LiveStacks -c 1 -i 10 -f > folded.stacks
perl FlameGraph.pl folded.stacks > sampled.svg
Here is what a sample flame graph might look like:
Creating arbitrary kernel ETW sessions requires Windows 8 or later, and administrative privileges.
To resolve managed symbols, the target process must currently have the same bitness as the tool. If this condition isn't met, managed symbols are not resolved but native symbols will still work properly. This can be addressed in the future by moving the managed symbol resolution into a separate helper process.
Kernel symbols are currently not resolved, and filtered out by default.
The tool's overhead mostly depends on the number of events traced. For example, CPU sampling with default settings across the system runs at virtually 0% CPU overhead during collection. System call collection on an idle system was observed at 1-2% CPU usage, spiking to 5-10% when heavy I/O processes (issuing approximately 100K system calls per second) were running. As with most performance tools, measure in a stable test environment before deploying to production.

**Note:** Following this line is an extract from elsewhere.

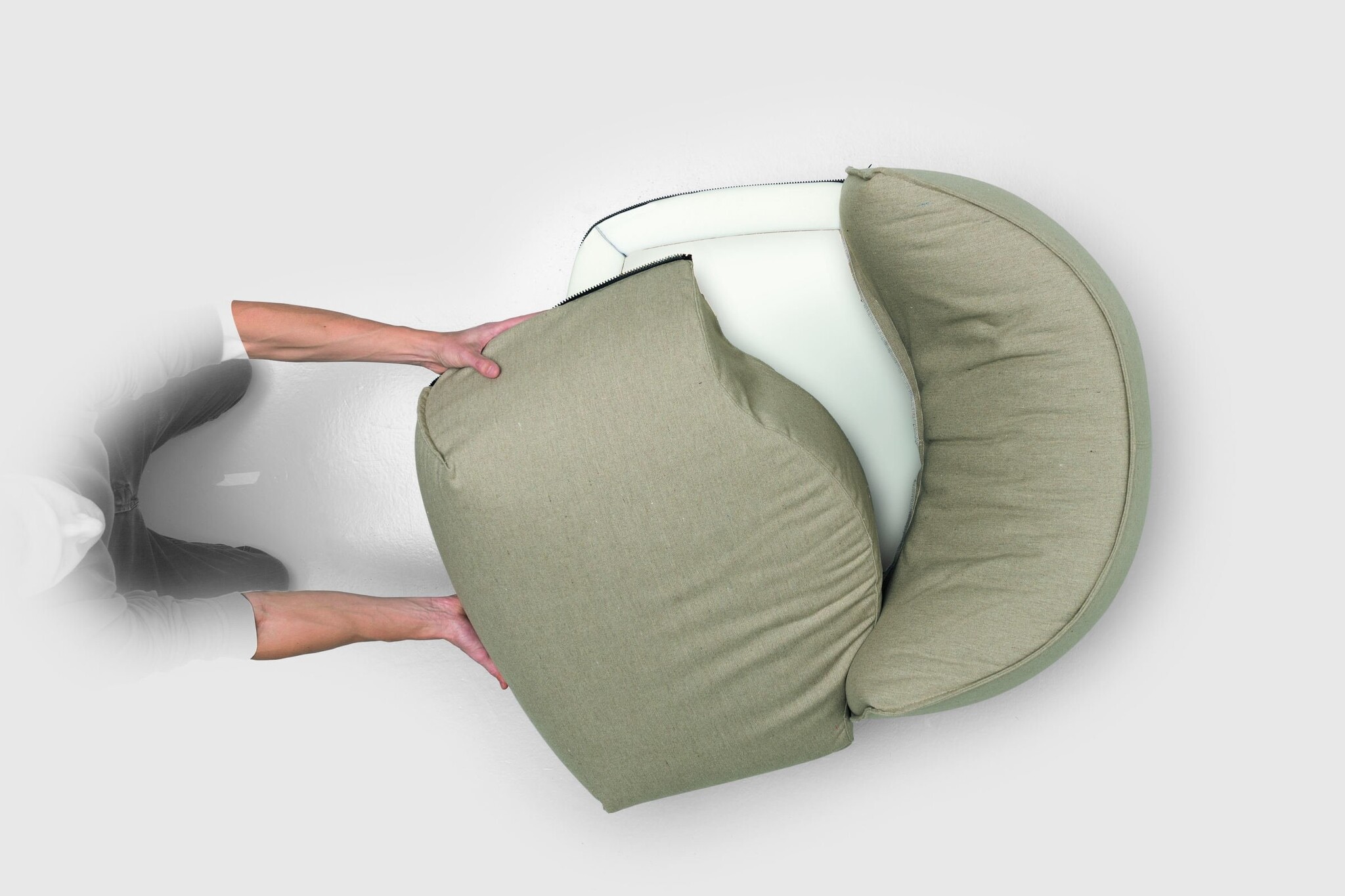 De onderkant van de fauteuil heeft een donkere band die direct contact tussen de grond en de bekleding voorkomt.

Additionally, processing symbols to display call stacks can lead to spikes of CPU, disk, and network activity as symbols are downloaded, loaded from disk, parsed in memory, and then cached. During heavy symbol processing, LiveStacks will routinely exhibit 100% CPU utilization for short time periods. To address this, you can limit the number of stacks displayed with the -T
switch.
To build the tool, you will need Visual Studio 2015/2017, and the Windows SDK installed (for the symsrv.dll and dbghelp.dll files).